A causa mais comum de reação transfusional hemolítica aguda é a incompatibilidade ABO, que normalmente se deve a um erro humano que resulta no recebimento do hemoderivado pelo receptor. Raramente, outras incompatibilidades de tipo sanguíneo podem causar RHTA, a mais comum das quais é a incompatibilidade do antígeno Kidd.[5] A incompatibilidade dos antígenos Rh, Kell e Duffy também foi implicada na RHTA.[6]

Os anticorpos contra os grupos sanguíneos A e B presentes no sangue do receptor destroem os glóbulos vermelhos do doador.[5][6] Eles também ativam a cascata de coagulação (sistema de coagulação do sangue) por meio do fator XII, que pode causar coagulação intravascular disseminada e danos aos rins. As isoaglutininas também ativam o sistema do complemento via C3a e C5a, que promovem então a liberação de citocinas inflamatórias dos leucócitos. Essas citocinas inflamatórias incluem IL-1, IL-6, IL-8 eTNF-alfa, que causa sintomas de pressão baixa, febre, dor no peito, náuseas, vômitos e respiração ofegante.[5]

O diagnóstico de RHTA é feito com o exame microscópico do sangue do receptor e um teste direto de antiglobulina. O sangue do doador e do receptor pode ser testado novamente com um tipo, teste cruzado e triagem de anticorpos para determinar a causa da reação.[5]

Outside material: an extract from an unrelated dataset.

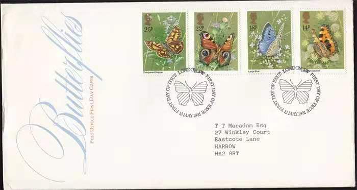 英国1981年蝴蝶(4票全)首日实寄封

O tratamento inicial para qualquer categoria de reação transfusional, incluindo RHTA, é a descontinuação da transfusão. A reposição de fluidos e o monitoramento rigoroso dos sinais vitais são importantes. Pessoas com RHTA são tratadas com cuidados de suporte, que podem incluir diuréticos, suporte de pressão arterial e tratamento de coagulação intravascular disseminada (com plasma fresco congelado, crioprecipitado e transfusão de plaquetas). A furosemida é o diurético de escolha no tratamento do RHTA com diminuição do débito urinário, pois aumenta a quantidade de sangue que chega ao córtex renal.[5] Manitol também pode ser usado.[6] A dopamina é usada para suporte da pressão arterial por que causa vasodilatação (dilatação dos vasos sanguíneos) nos rins, bem como aumenta o débito cardíaco (quantidade de sangue bombeado pelo coração a cada minuto).[5]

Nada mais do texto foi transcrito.